◆ **Supplied information**:
____

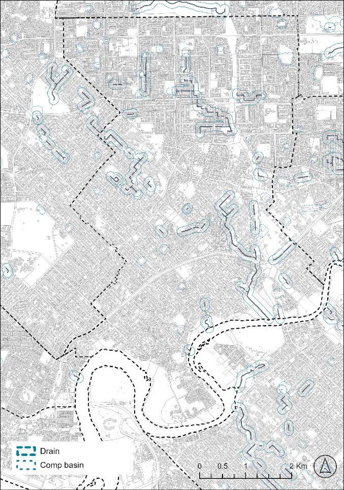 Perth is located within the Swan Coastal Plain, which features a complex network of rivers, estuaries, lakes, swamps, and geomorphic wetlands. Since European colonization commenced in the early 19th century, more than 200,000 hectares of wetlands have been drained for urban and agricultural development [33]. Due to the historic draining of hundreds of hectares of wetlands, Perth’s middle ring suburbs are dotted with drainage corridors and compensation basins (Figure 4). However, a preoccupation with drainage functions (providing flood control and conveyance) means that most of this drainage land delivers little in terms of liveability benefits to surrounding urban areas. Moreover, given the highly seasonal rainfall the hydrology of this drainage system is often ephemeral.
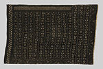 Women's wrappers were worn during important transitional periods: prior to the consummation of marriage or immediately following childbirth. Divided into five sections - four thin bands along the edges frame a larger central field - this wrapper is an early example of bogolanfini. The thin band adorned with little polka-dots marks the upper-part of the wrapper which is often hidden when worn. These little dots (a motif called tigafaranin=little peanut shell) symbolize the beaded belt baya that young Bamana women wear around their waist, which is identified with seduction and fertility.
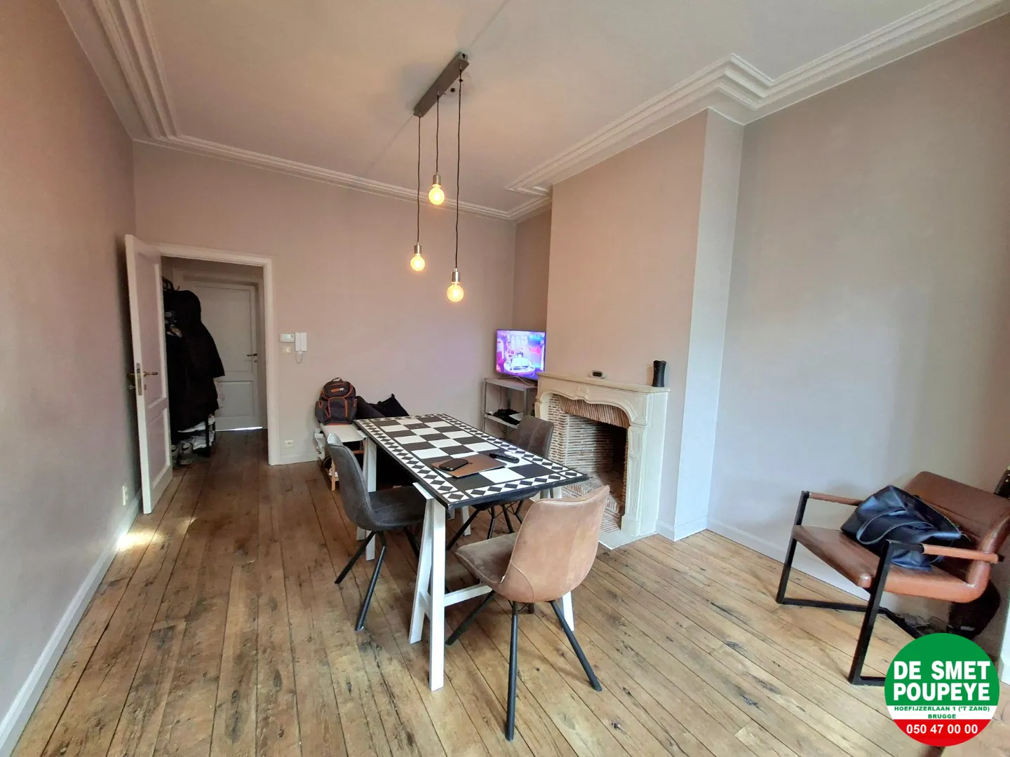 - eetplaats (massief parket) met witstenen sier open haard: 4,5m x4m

____

◆ **Assignment**:
Please restate all of the listing above word for word, with no pictures.

◆ **Worked solution**:
 Perth is located within the Swan Coastal Plain, which features a complex network of rivers, estuaries, lakes, swamps, and geomorphic wetlands. Since European colonization commenced in the early 19th century, more than 200,000 hectares of wetlands have been drained for urban and agricultural development [33]. Due to the historic draining of hundreds of hectares of wetlands, Perth’s middle ring suburbs are dotted with drainage corridors and compensation basins (Figure 4). However, a preoccupation with drainage functions (providing flood control and conveyance) means that most of this drainage land delivers little in terms of liveability benefits to surrounding urban areas. Moreover, given the highly seasonal rainfall the hydrology of this drainage system is often ephemeral.
 Women's wrappers were worn during important transitional periods: prior to the consummation of marriage or immediately following childbirth. Divided into five sections - four thin bands along the edges frame a larger central field - this wrapper is an early example of bogolanfini. The thin band adorned with little polka-dots marks the upper-part of the wrapper which is often hidden when worn. These little dots (a motif called tigafaranin=little peanut shell) symbolize the beaded belt baya that young Bamana women wear around their waist, which is identified with seduction and fertility.
 - eetplaats (massief parket) met witstenen sier open haard: 4,5m x4m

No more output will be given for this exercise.